§ Activity
The range runs from the line containing "Add effortless elegance" through the last line of the material below; retype it exactly, leaving out the pictures.

^^^^

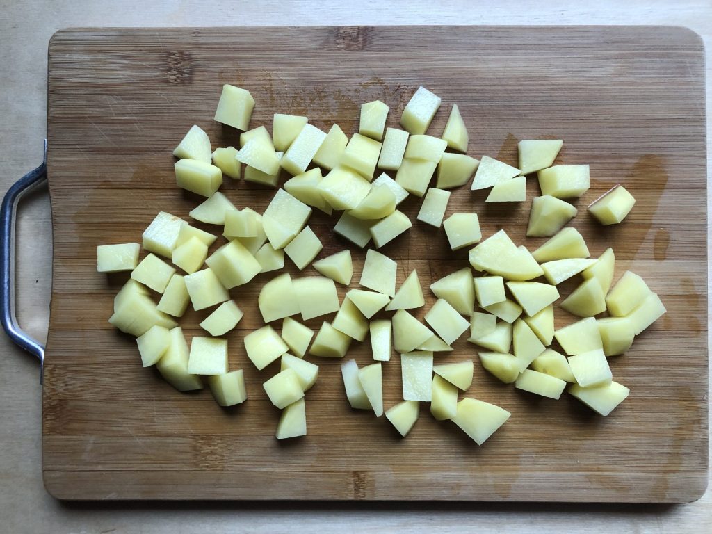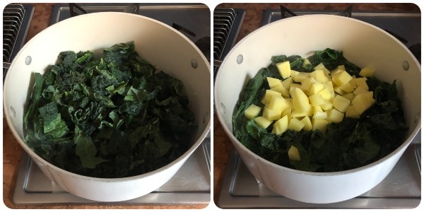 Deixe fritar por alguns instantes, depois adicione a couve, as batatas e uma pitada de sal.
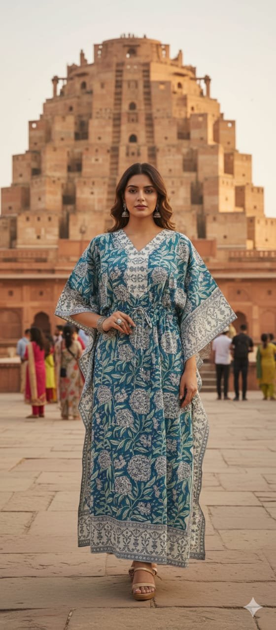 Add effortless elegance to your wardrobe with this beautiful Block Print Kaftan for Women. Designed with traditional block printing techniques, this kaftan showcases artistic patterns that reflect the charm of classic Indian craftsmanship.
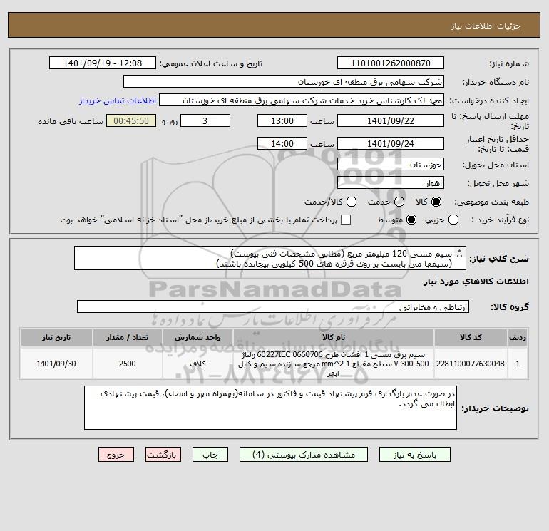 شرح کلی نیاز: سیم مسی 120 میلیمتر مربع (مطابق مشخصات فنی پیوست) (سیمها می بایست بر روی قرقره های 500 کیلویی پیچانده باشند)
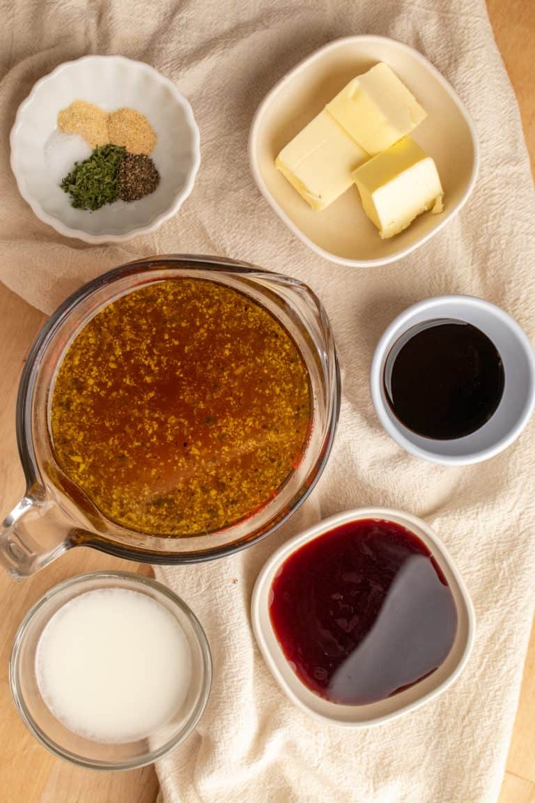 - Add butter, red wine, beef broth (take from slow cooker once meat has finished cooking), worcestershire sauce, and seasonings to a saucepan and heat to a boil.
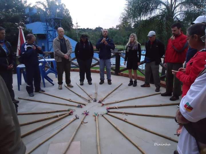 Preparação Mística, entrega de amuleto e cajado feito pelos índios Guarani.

^^^^

§ Expected answer
 Add effortless elegance to your wardrobe with this beautiful Block Print Kaftan for Women. Designed with traditional block printing techniques, this kaftan showcases artistic patterns that reflect the charm of classic Indian craftsmanship.
 شرح کلی نیاز: سیم مسی 120 میلیمتر مربع (مطابق مشخصات فنی پیوست) (سیمها می بایست بر روی قرقره های 500 کیلویی پیچانده باشند)
 - Add butter, red wine, beef broth (take from slow cooker once meat has finished cooking), worcestershire sauce, and seasonings to a saucepan and heat to a boil.
 Preparação Mística, entrega de amuleto e cajado feito pelos índios Guarani.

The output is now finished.